Fertilization regulates maize nutrient use efficiency through soil rhizosphere biological network and root transcriptome

Abstract

Fertilization impacts soil biological communities, affecting their diversity, structure, and composition. These communities are crucial in rhizosphere microenvironment, influencing root genes expression and nutrient absorption/utilization of the crop. This study investigated the effects of different fertilization methods on rhizosphere biological network, transcriptome responses in maize roots, fertilizer use efficiency and maize yield in a long-term field experiment. The results revealed that the BCNPK (adding biochar to synthetic fertilizers) treatment exhibited the highest maize yield, which was 21–23 % higher than other fertilization treatments.
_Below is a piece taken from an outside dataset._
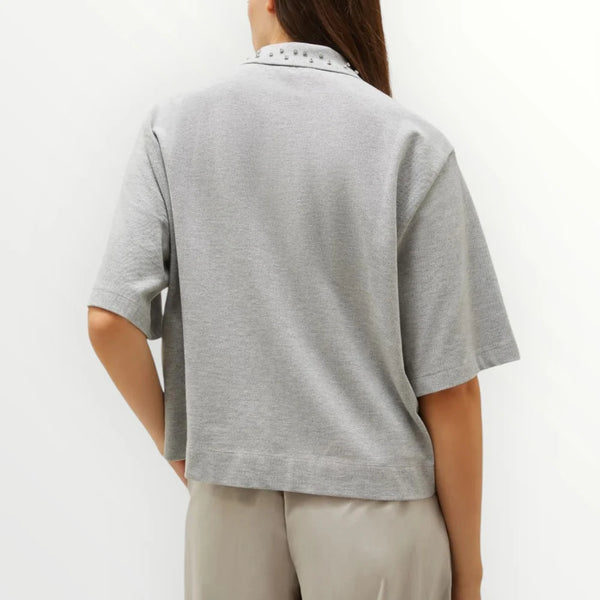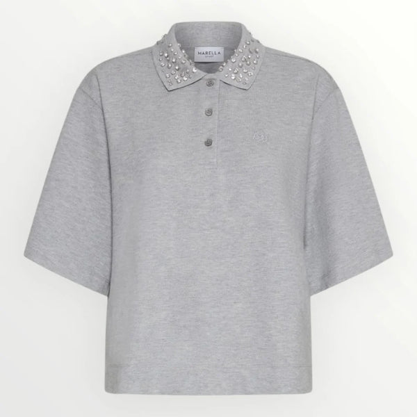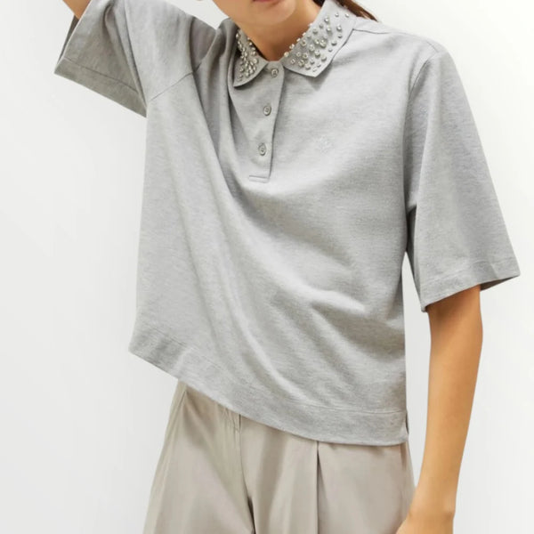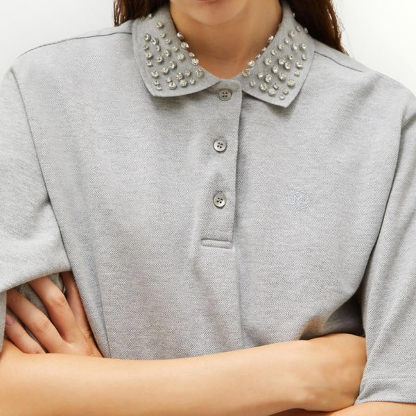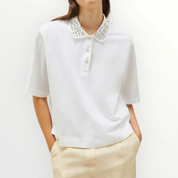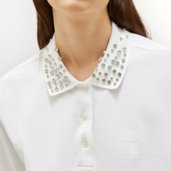 Polo in jersey piqué di puro cotone a fit dritto. Collo a polo con bottoncini e cristalli cabochon. Spalla scesa. Ricamo sul petto.

Additionally, the BCNPK and RSDNPK (partial synthetic nitrogen replacement with crop residue) demonstrated significant advantages in minimizing nitrogen loss and enhancing nitrogen absorption and utilization efficiency. Compared to NPK (synthetic fertilizers), BCNPK, and OMNPK (partial synthetic nitrogen replacement with pig slurry), the network complexity of bacteria and fungi decreased under the RSDNPK treatment. The co-occurrence network analysis revealed that fertilization modulated the biological community's composition and abundance, which led to the formation of distinct ecological clusters in rhizosphere biological network. Furthermore, the abundance of these ecological clusters exhibited a significant correlation with crop yield and nutrient uptake. Structure equation modelling demonstrated that alterations in soil physicochemical properties significantly affected soil biodiversity and genes expression in maize root. Furthermore, soil biodiversity significantly correlated with the maize yield, underscored the pivotal role of rhizosphere organisms in determining crop yield. These findings serve as a foundational reference for subsequent researches on the mechanistic interactions between rhizosphere organisms and plants.